Michael Saler at The Immanent Frame:
The stern visage of Max Weber looms over discussions of modernity and enchantment, as does the sunnier countenance of Charles Taylor. Perhaps they should be joined by the open faced, bluntly spoken, and allegedly poker wielding Ludwig Wittgenstein. This choice might seem counter-intuitive. Wittgenstein did not write much about enchantment, and is more often considered a disenchanter who used the tools of philosophy to dispel illusions brought about by linguistic misuse. As he wrote, “Philosophy is a battle against the bewitchment of our intelligence by means of language.”

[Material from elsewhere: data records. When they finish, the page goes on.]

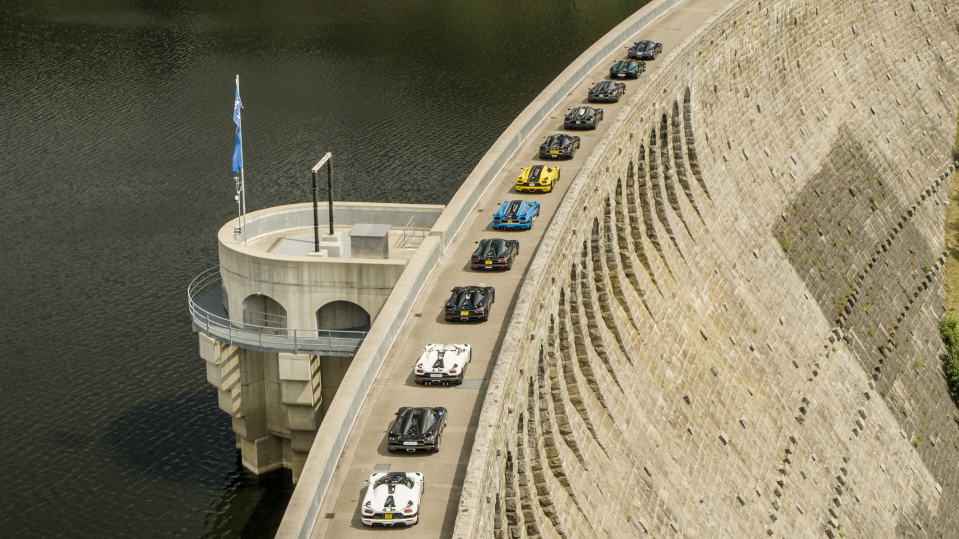 The weekend of July 6 began in Baden-Baden, Germany with Koenigsegg delivering the final Ageras built, Thor and Väder, to their new owners. On Saturday, the group made their way through the Black Forest for a hard park and picture on top of the Schwarzenbach Dam, before moving on to another town for…go-karting. Sunday saw the group head 186 miles to the village of Königseggwald, home to the Koenigsegg family residence. The trip ended 80 miles away at Parkhotel Adler, a very aerodynamic stone’s throw from Freiburg.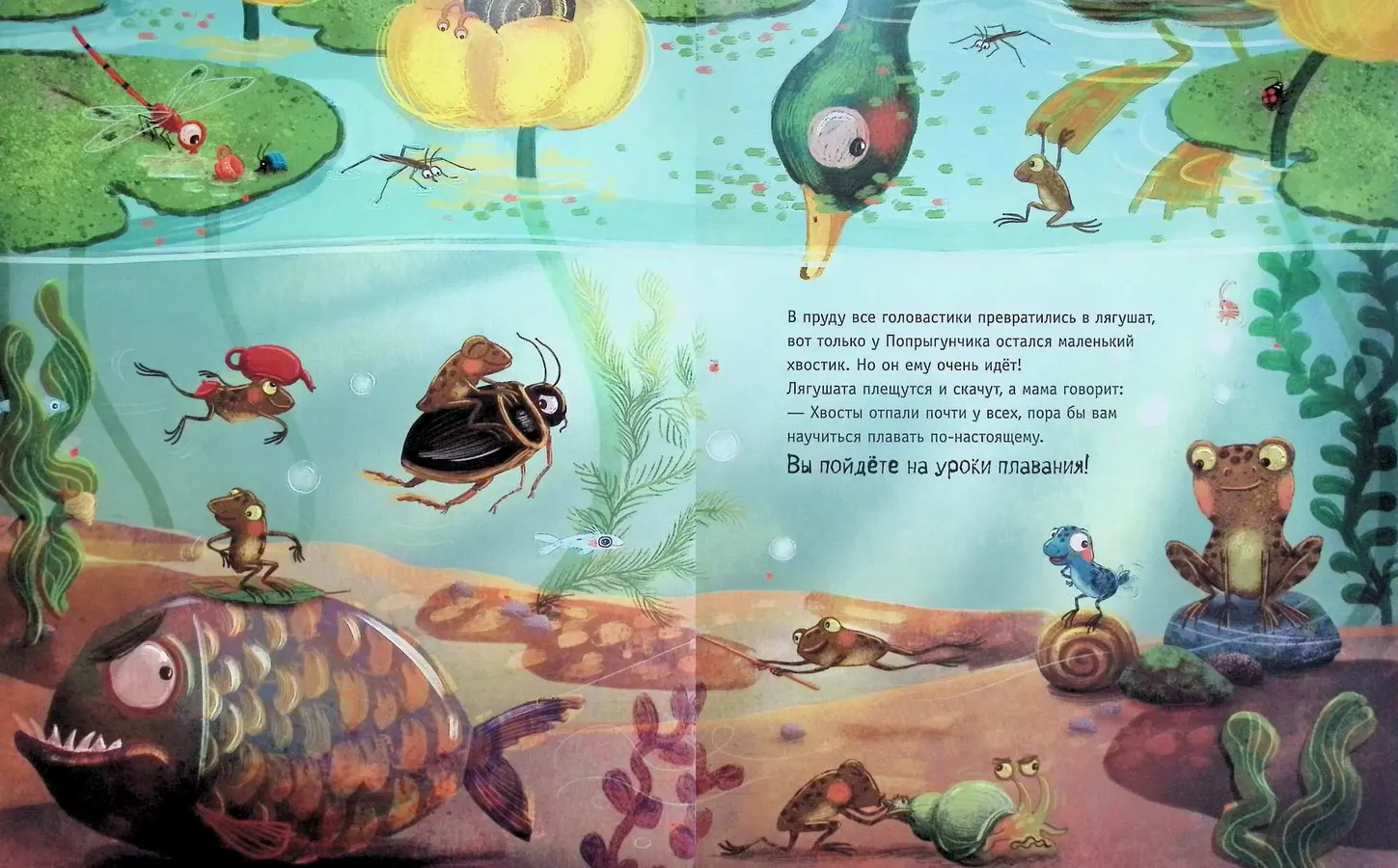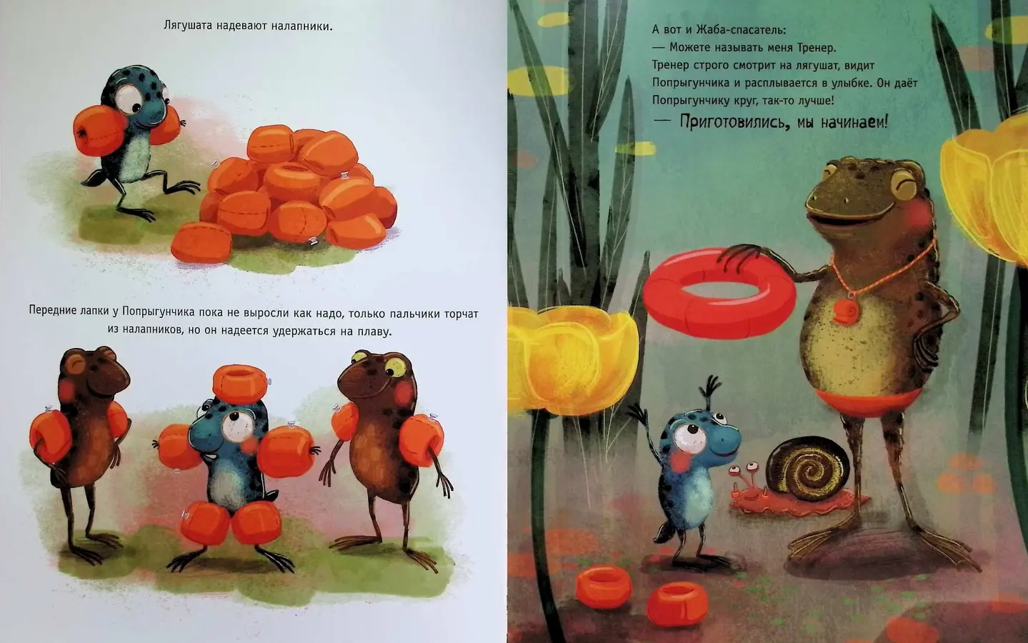 Плюх! Еще вчера они были головастиками, а сегодня – уже настоящие лягушата! А это значит, что пришла пора отправляться в школу плавания. Все малыши готовы к урокам.
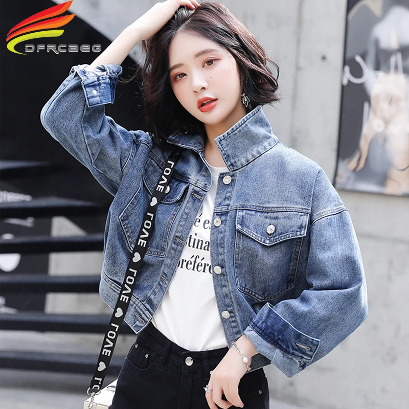 Джинсовая куртка женская 2020 Весна Длинный рукав отложной карманы джинсовые куртки и пальто короткие большие карманы обрезанная джинсовая куртка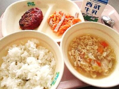 1月29日(木)の給食 投稿: 北野小学校 (18:45) カテゴリー: 今日の給食 K ガーリックライス ハンバーグのケチャップソース とことこキャロットサラダ(有機の人参を 使用) ABCスープ 牛乳 ガーリックライスは、食欲がないときでもしっかり食べられる、にんにくを使った料理の1つです。にんにくの香りや成分には、食欲を増進する効果があり、醤油や米の香りがその効果を一層高めてくれます。また、にんにくは高い疲労回復効果も期待できる食材です。季節の変わり目などで、食欲が減りがちな時期には、特にオススメです。(にんにくの豆知識) -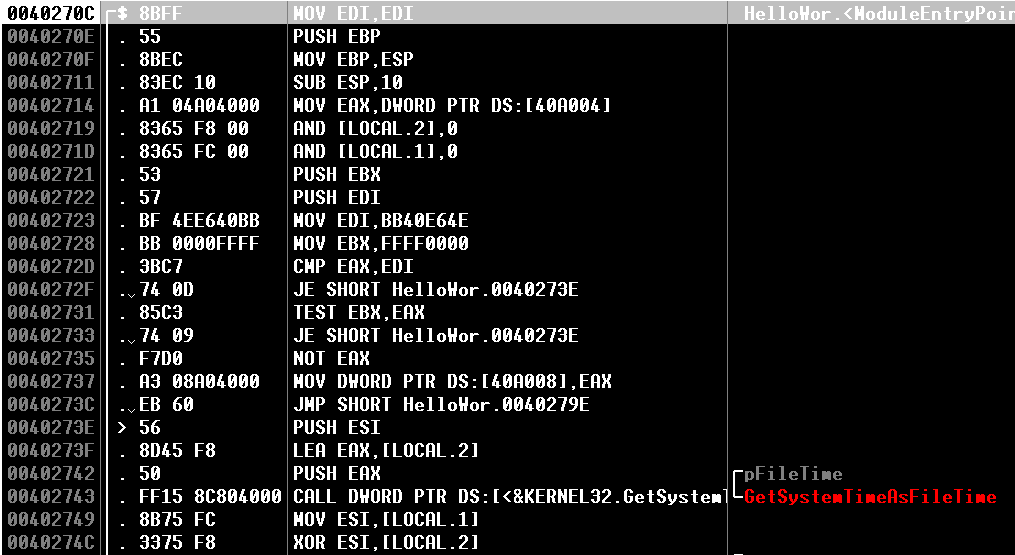 CALL명령어를 통해 따라 들어간 함수가 main함수인지는 함수 내에 MeassageBox함수 유무를 통해 main함수인지 구분할 수 있다. ( helloworld 소스코드 참고 )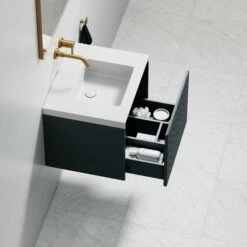 This Matte Anthracite 800mm Bathroom Vanity Unit is manufactured to impeccably high standards with the drawers opened by a spring release Blum drawer system.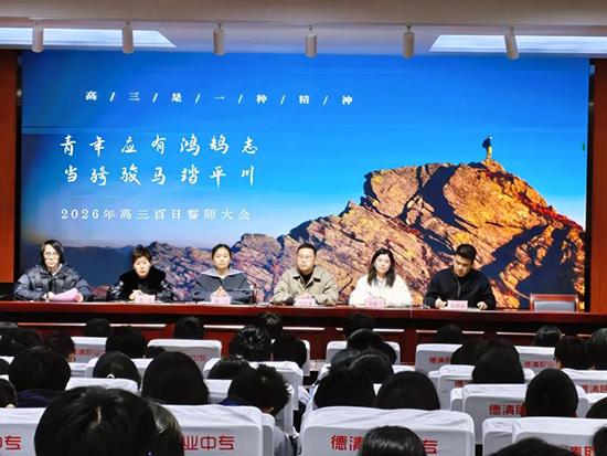 此次高考動(dòng)員大會(huì),是一次凝心聚力的誓師會(huì),是一次科學(xué)精準(zhǔn)的部署會(huì),更是一次鼓舞人心的加油會(huì)。大會(huì)不僅為全體高三師生明確了沖刺目標(biāo)與備考路徑,更點(diǎn)燃了師生們奮勇拼搏的熱情與決心。征程萬(wàn)里風(fēng)正勁,重任千鈞再出發(fā),全體高三師生將以此次大會(huì)為契機(jī),以更堅(jiān)定的信念、更務(wù)實(shí)的行動(dòng)、更飽滿的熱情投入到最后沖刺中,同心同德、全力以赴,力爭(zhēng)在 2026 年高職考中再創(chuàng)佳績(jī),續(xù)寫(xiě)德清職業(yè)中專高考質(zhì)量新篇章!(黃徐宏)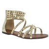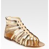Flavia might be a fourteen-year-old skank, but she's no slouch when it comes to dressing to seduce the emperor, Nero. She wears a stunning, peacock-blue, strapless chiton girded with a golden belt. Crawling through windows and climbing down trees isn't easy, but Flavia escapes her father's domus in style—wearing gold-studded gladiator sandals, bling by Stephanie Owen, and carrying a Versace Baroque Studded Nappa Shoulder Bag.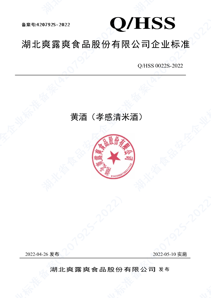 Q/HSS 0022S-2022 黄酒(孝感清米酒)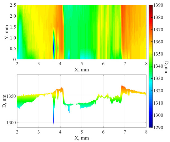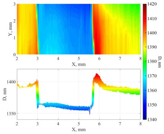 The surface was also mapped using a spatial scanning ellipsometer. During processing, a model with a fixed transition layer thickness of 20 nm was used to construct a principal map of the thickness distribution (Figure 7 and Figure 8). As can be seen from the distributions, when the surface is treated with cluster argon ions and a mask is used for the sample, “elongated hillocks” are formed along the edges of the treated area, the cause of which may be the process of redeposition or the significant lateral displacement of atoms at the edges of the area.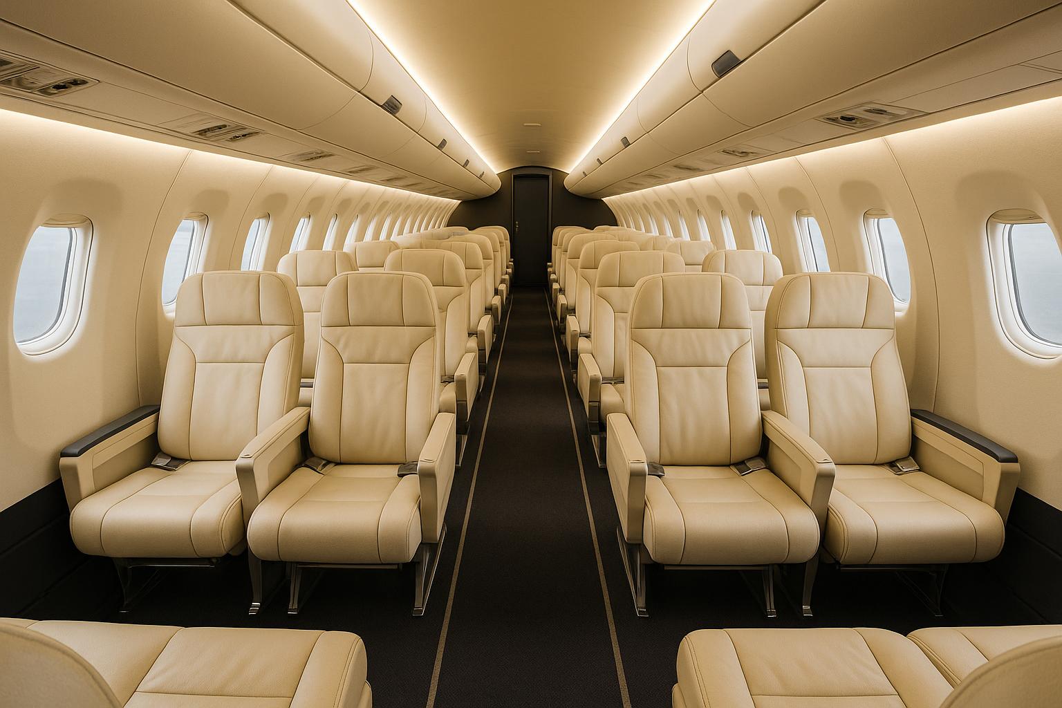 AirVelaris hebt dieses bewährte Flugzeug nun auf ein neues Level: Statt 32 Plätzen verfügt unsere Version über nur 19 luxuriöse Sitze, großzügig gestaltet und auf maximalen Komfort ausgelegt. Zusammen mit einem eleganten, dunklen Design, persönlichem Service und dem klaren Fokus auf Zeitersparnis entsteht so ein völlig neues Reiseerlebnis – Boutique Aviation, die europaweit einzigartig ist.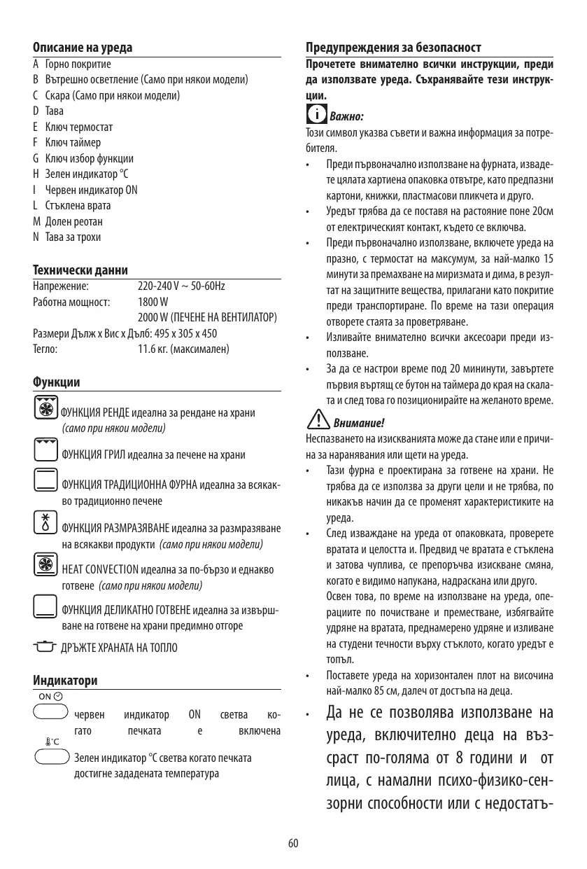 • L’appareil doit être placé à 20 cm au moins de la prise électrique sur laquelle il est branché. • Avant la première utilisation, faites fonctionner l’appareil à vide, thermostat au maximum, pendant au moins 15 minutes pour éliminer l’odeur de neuf et éventuellement la fumée due aux graisses de protection appliquées sur les résistances avant le transport. Pendant cette opération, aérez la pièce. • Lavez soigneusement tous les accessoires avant l’utilisation. • Pour programmer des temps inférieurs à 20 minutes, tourner d’abord le bouton minuterie à fond puis la positionner sur le temps souhaité.

Nevertheless, enchantment was central to Wittgenstein’s outlook on life. By enchantment he meant a sense of wonder regarding the world. He described wonder as his “experience par excellence…when I have it I wonder at the existence of the world. And I am then inclined to use such phrases as ‘how extraordinary that anything should exist’ or ‘how extraordinary that the world should exist.’” Plato and Aristotle claimed that philosophy begins in wonder, and Wittgenstein’s famous last words—“Tell them I’ve had a wonderful life”—suggests it ends there as well. His later philosophy aimed at re-enchanting the world by re-describing it in new and unexpected ways. In so doing, the world does not change—things remain as they are—but our fundamental orientation to the world changes: “We see, not change of aspect, but change of interpretation.” As a result, one becomes aware of how rich, contingent and variable the world is.